We also examined the characteristics of patients that are likely to show recovery from CHE. A high blood ammonia level before treatment was identified as a factor that significantly contributed to the recovery from CHE. Because high ammonia levels affect cognitive function [38, 39] and many CHE diagnostic tools, such as NPT, measure cognition, higher baseline ammonia levels associated with CHE recovery likely resulted in improved NPT scores. Various diagnostic methods for CHE, such as NPT, are greatly affected by cognitive function, which was considered the reason for the influence of high ammonia levels on CHE recovery. The results of these diagnostic methods could be modified for patients with other potential psychiatric disorders and dementia. Here, patients with apparent clinical symptoms of psychiatric disorders, dementia, and pre-existing diseases were excluded; however, accurate diagnosis by imaging tests, such as magnetic resonance imaging of the brain, could not be performed. It is challenging to diagnose potential cases of dementia and psychiatric disorders; therefore, we could have included CHE cases and potential cases of dementia and psychiatric disorders. Moreover, the therapeutic effect on CHE might have been greater for those without these complications. Blood ammonia levels are relatively low in most cases of dementia and psychiatric disorders, and thus, the therapeutic effect of rifaximin might have been low.

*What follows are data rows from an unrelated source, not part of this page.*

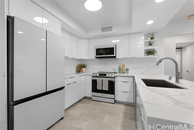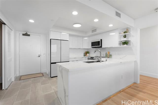 - Enter into luxury at The Watermark Waikiki, where contemporary elegance meets resort-style living. This fully remodeled 2-bedroom and 2-bath condo offers a bright and open layout with floor-to-ceiling glass windows in the living room, filling the space with natural light and framing stunning ocean, marina, garden, and city views. The sleek, modern kitchen boasts quartz countertops, high end appliances, and lacquered cabinetry, while spa inspired bathrooms feature walk-in showers and designer finishes. Enjoy world-class amenities on four acres of lush tropical gardens, including a heated lagoon-style infinity pool, spa, sauna, state-of-the-art gym, BBQ pavilions, and 24 hour front desk resident specialist services. With 2 parking spaces and an in-unit washer and dryer, convenience meets sophistication in this move-in-ready retreat. Located near Ala Moana Beach, premier shopping at the Ala Moana Mall, and Waikiki's vibrant dining scene, this home offers a perfect blend of tranquility and excitement. Your dream lifestyle awaits-schedule a private showing today!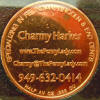 Right: Charmy Harker / "The Penny Lady" copper advertising token.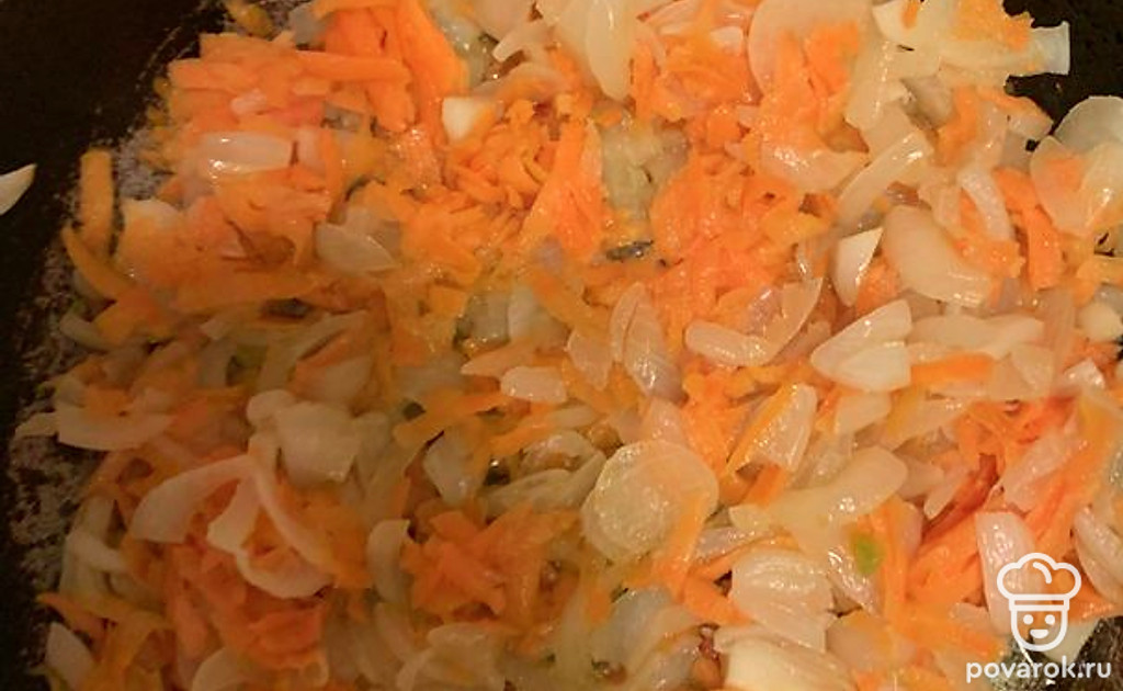 Нарежьте лук и морковь. Обжарьте лук до золотистого цвета, добавьте морковь, жарьте 5 минут. Добавьте в кастрюлю и перемешайте.

Hyperammonemia is deeply involved in the development of HE [40]. However, it has also been reported that ammonia levels do not correlate linearly with the severity of HE [41]. In recent years, it has been reported that there are various mechanisms other than ammonia, such as inflammation, oxidative stress, increased bile acids, and lactate, that play a role in the onset of HE [42]. Therefore, it is possible that the effect of rifaximin is poor for CHE patients for whom the ammonia level is relatively low. As CHE cases with high ammonia levels can be expected to benefit from rifaximin treatment, additional treatment with rifaximin may suppress the transition to OHE and improve the quality of life of eligible patients.

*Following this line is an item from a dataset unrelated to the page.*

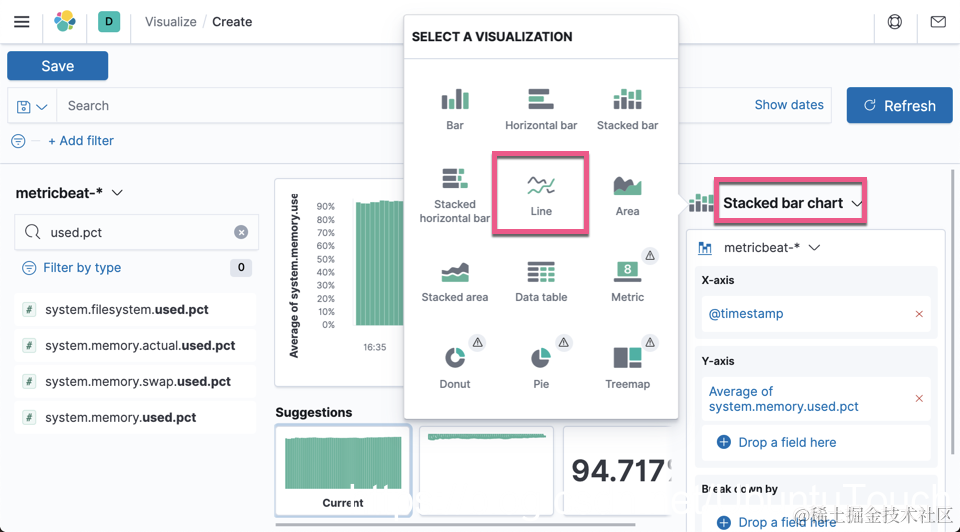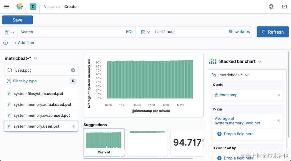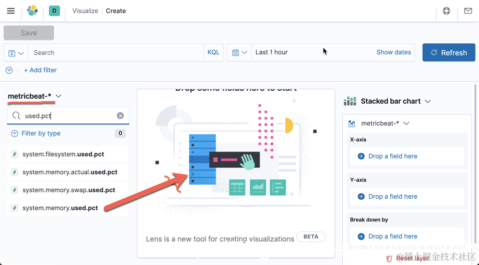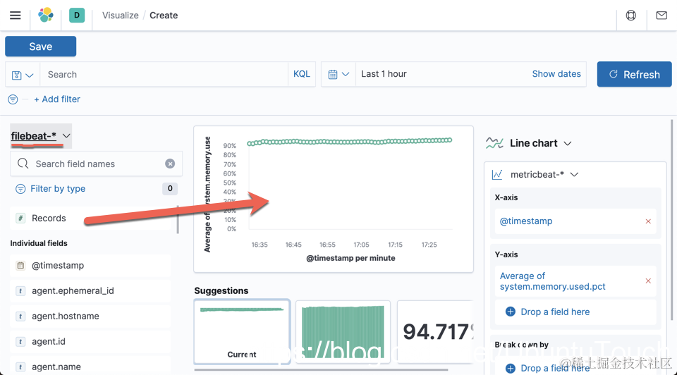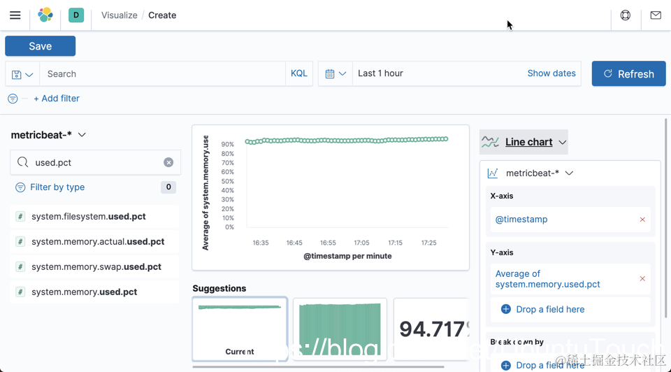选择 metricbeat-*。我们可以拖拽 system.memory.used.pct 到中间的显示区:

Nonetheless, this study had some limitations. First, this was an observational study involving a single hospital and a small number of patients. Only 24 patients could be evaluated for CHE recovery using NPT. Second, CHE was evaluated only by NPT and was not confirmed by other evaluation methods. It would be advantageous to assess the psychometric hepatic encephalopathy score and perform the animal naming test and/or Stroop test. Third, dementia and other psychiatric disorders were excluded based on clinical symptoms, but strict diagnoses using imaging tests were not performed. The drugs associated with these disorders could not be examined. Fourth, the addition of or increase in the drugs affecting HE indirectly after the initiation of rifaximin was not examined. Finally, there were no restrictions on the co-administration of other drugs before or while starting rifaximin treatment, as this was an observational study. Therefore, our findings may not purely reflect the effectiveness of rifaximin. These limitations are expected to be addressed in future interventional studies using several CHE evaluation methods with a large number of cases. In conclusion, rifaximin had a positive effect on not only hyperammonemia but also CHE and therefore may be a promising therapeutic option.